> _Required work_: Among the entries below, only the lines starting at the one with "Sopralluogo del presidente" and ending at the one with "一名网友在网路论坛Dcard", both included, are to be printed exactly.

> _Records supplied_:
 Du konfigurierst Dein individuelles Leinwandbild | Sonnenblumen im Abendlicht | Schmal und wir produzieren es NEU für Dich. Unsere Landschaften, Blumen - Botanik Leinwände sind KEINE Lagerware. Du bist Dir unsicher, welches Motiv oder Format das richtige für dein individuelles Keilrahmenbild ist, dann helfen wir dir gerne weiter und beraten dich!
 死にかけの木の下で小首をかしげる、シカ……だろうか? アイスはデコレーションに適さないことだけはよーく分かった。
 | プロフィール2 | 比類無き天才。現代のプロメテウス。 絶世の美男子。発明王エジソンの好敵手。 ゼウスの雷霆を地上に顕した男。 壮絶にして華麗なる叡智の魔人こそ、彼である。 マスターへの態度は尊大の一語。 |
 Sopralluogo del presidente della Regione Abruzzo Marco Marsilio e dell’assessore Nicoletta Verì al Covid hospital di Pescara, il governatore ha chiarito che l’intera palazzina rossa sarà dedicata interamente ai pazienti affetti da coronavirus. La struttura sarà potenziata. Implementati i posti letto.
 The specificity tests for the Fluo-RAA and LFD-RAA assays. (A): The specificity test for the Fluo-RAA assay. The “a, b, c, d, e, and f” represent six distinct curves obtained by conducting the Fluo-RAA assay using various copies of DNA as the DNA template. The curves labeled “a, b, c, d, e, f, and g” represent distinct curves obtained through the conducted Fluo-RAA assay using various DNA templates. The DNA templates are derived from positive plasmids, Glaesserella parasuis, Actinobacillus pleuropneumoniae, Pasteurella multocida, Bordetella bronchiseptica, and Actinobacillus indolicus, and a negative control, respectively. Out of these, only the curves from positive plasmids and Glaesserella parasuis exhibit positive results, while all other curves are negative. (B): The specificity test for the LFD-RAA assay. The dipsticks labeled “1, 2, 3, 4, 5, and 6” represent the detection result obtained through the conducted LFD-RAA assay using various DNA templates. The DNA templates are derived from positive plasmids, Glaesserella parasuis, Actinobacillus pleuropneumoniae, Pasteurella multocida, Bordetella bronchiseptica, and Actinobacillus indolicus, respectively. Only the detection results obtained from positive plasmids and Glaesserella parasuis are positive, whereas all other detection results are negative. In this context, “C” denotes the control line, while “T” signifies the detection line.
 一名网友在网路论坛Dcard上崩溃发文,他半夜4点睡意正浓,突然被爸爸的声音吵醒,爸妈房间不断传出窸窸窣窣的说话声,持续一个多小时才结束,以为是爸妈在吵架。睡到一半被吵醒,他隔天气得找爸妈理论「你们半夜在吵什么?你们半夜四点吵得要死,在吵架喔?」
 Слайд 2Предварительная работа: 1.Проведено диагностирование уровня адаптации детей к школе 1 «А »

--

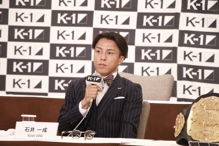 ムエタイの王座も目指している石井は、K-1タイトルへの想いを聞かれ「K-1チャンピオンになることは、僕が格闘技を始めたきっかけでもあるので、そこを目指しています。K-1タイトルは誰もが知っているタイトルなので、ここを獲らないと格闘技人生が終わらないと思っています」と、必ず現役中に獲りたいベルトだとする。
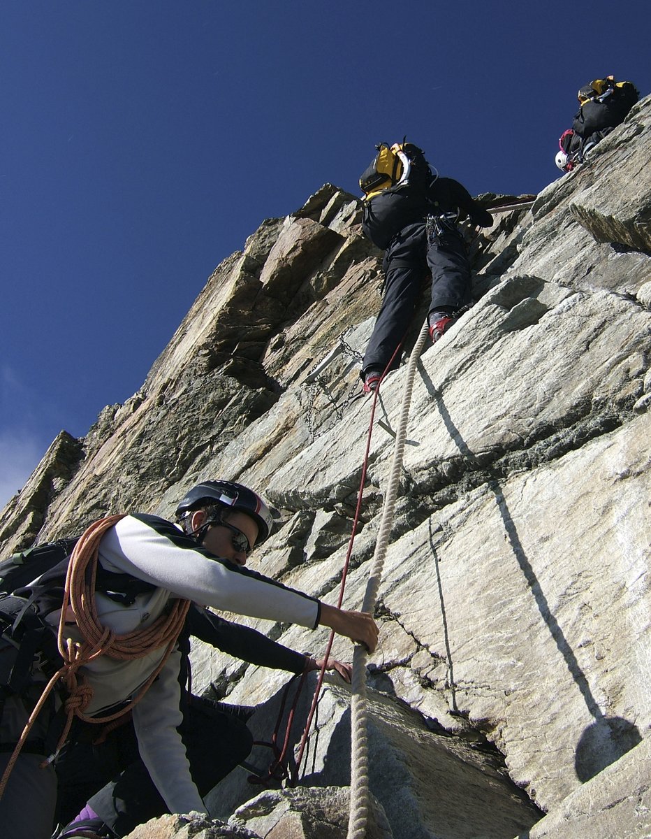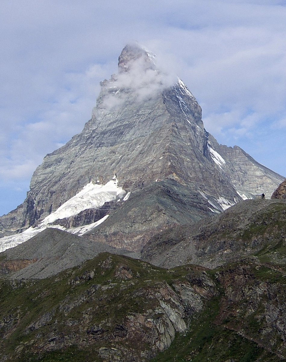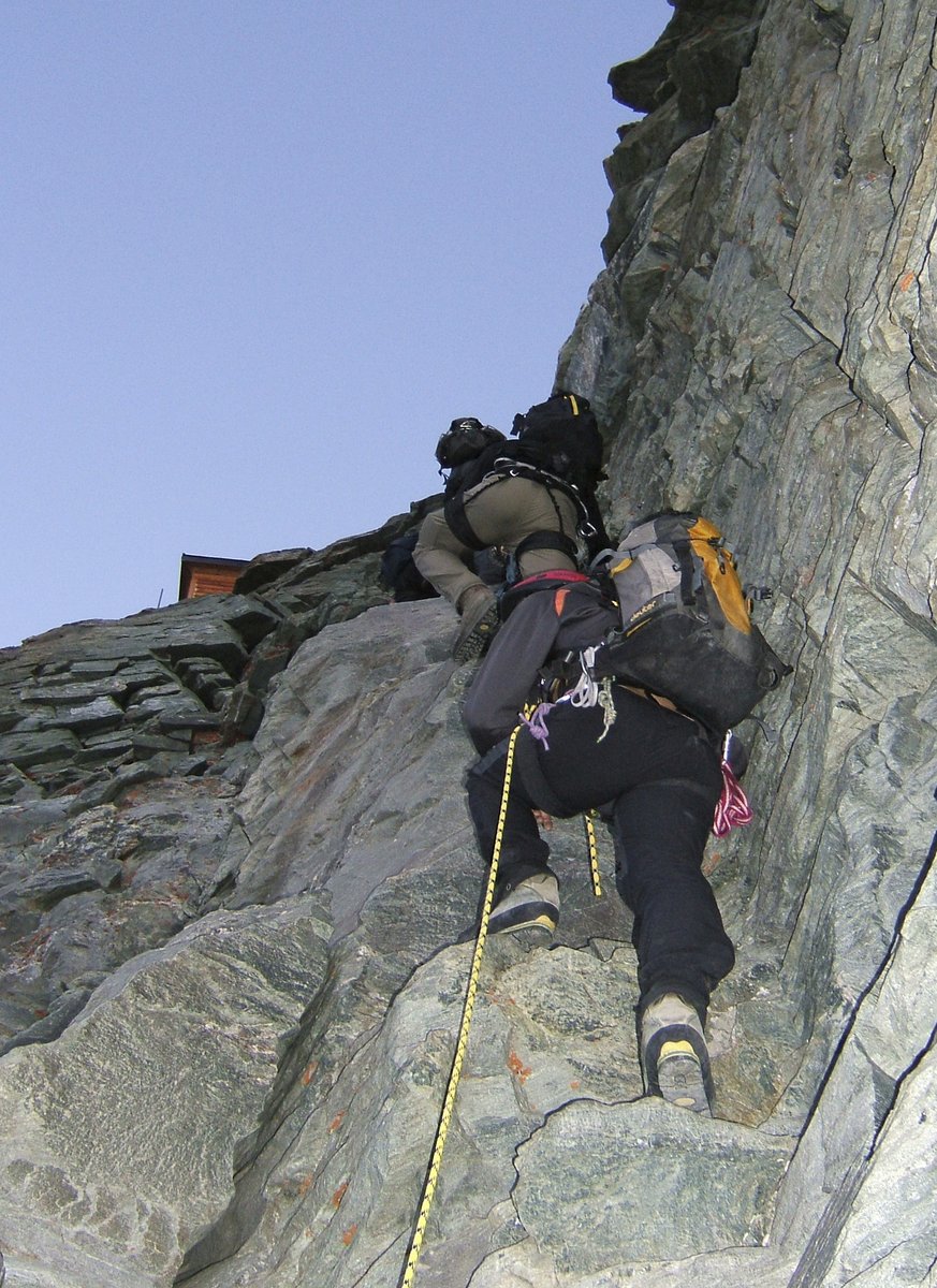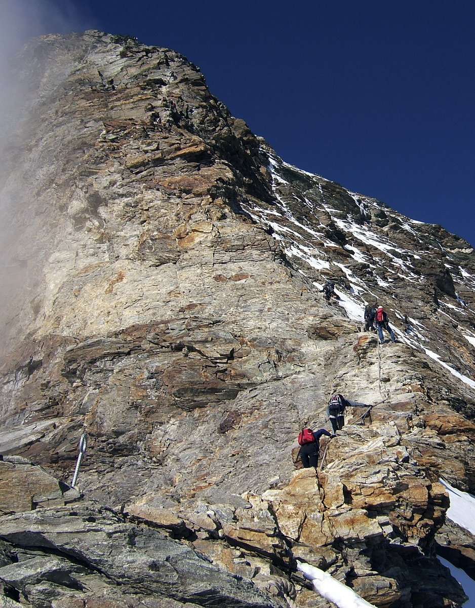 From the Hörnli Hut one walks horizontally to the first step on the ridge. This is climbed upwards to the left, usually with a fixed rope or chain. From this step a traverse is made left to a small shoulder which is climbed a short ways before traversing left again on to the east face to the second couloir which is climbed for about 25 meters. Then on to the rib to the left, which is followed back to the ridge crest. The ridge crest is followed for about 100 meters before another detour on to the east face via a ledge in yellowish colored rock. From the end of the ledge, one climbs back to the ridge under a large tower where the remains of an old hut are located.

> _Answer area_:
 Sopralluogo del presidente della Regione Abruzzo Marco Marsilio e dell’assessore Nicoletta Verì al Covid hospital di Pescara, il governatore ha chiarito che l’intera palazzina rossa sarà dedicata interamente ai pazienti affetti da coronavirus. La struttura sarà potenziata. Implementati i posti letto.
 The specificity tests for the Fluo-RAA and LFD-RAA assays. (A): The specificity test for the Fluo-RAA assay. The “a, b, c, d, e, and f” represent six distinct curves obtained by conducting the Fluo-RAA assay using various copies of DNA as the DNA template. The curves labeled “a, b, c, d, e, f, and g” represent distinct curves obtained through the conducted Fluo-RAA assay using various DNA templates. The DNA templates are derived from positive plasmids, Glaesserella parasuis, Actinobacillus pleuropneumoniae, Pasteurella multocida, Bordetella bronchiseptica, and Actinobacillus indolicus, and a negative control, respectively. Out of these, only the curves from positive plasmids and Glaesserella parasuis exhibit positive results, while all other curves are negative. (B): The specificity test for the LFD-RAA assay. The dipsticks labeled “1, 2, 3, 4, 5, and 6” represent the detection result obtained through the conducted LFD-RAA assay using various DNA templates. The DNA templates are derived from positive plasmids, Glaesserella parasuis, Actinobacillus pleuropneumoniae, Pasteurella multocida, Bordetella bronchiseptica, and Actinobacillus indolicus, respectively. Only the detection results obtained from positive plasmids and Glaesserella parasuis are positive, whereas all other detection results are negative. In this context, “C” denotes the control line, while “T” signifies the detection line.
 一名网友在网路论坛Dcard上崩溃发文,他半夜4点睡意正浓,突然被爸爸的声音吵醒,爸妈房间不断传出窸窸窣窣的说话声,持续一个多小时才结束,以为是爸妈在吵架。睡到一半被吵醒,他隔天气得找爸妈理论「你们半夜在吵什么?你们半夜四点吵得要死,在吵架喔?」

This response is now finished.